## TASK OBJECTIVE
Exactly as they appear below, repeat the lines from the one with "Unsere traditionellen und" through the one with "道氏技术4月15日发布202". Drop every picture.

## SUPPLIED MATERIAL
● ● ●
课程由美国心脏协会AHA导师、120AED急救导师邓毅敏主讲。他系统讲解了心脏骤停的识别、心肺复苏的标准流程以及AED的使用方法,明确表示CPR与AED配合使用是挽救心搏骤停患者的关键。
● ● ●
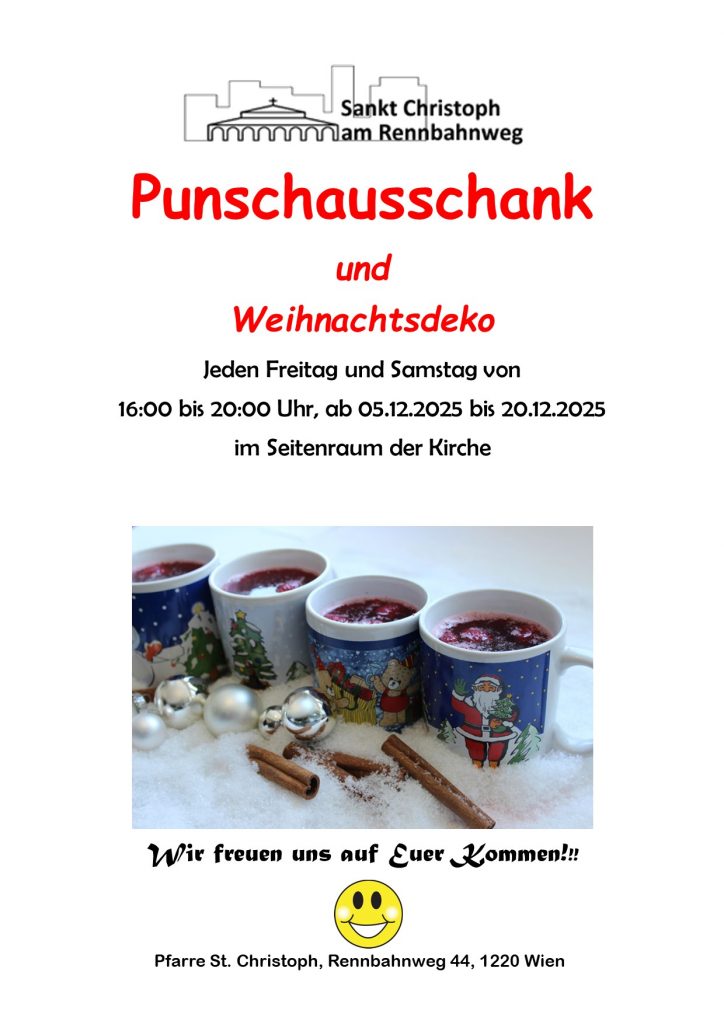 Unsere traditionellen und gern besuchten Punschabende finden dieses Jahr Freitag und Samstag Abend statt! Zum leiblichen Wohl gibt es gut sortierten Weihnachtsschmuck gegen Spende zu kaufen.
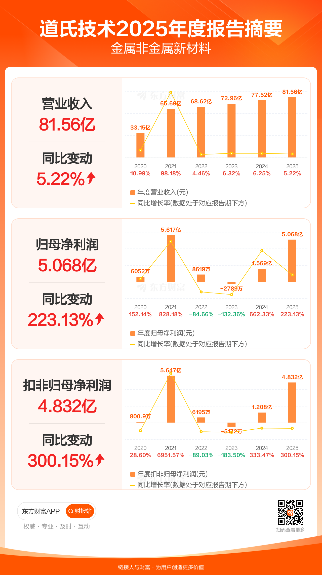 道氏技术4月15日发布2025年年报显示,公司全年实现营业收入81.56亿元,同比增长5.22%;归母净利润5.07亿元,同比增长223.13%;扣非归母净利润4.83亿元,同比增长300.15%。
● ● ●
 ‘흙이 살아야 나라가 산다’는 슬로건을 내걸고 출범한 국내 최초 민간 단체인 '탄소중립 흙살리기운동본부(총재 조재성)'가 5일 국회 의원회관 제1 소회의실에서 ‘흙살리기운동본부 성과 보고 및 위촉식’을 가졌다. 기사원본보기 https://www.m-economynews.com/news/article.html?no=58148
● ● ●
## YOUR RESPONSE
 Unsere traditionellen und gern besuchten Punschabende finden dieses Jahr Freitag und Samstag Abend statt! Zum leiblichen Wohl gibt es gut sortierten Weihnachtsschmuck gegen Spende zu kaufen.
 道氏技术4月15日发布2025年年报显示,公司全年实现营业收入81.56亿元,同比增长5.22%;归母净利润5.07亿元,同比增长223.13%;扣非归母净利润4.83亿元,同比增长300.15%。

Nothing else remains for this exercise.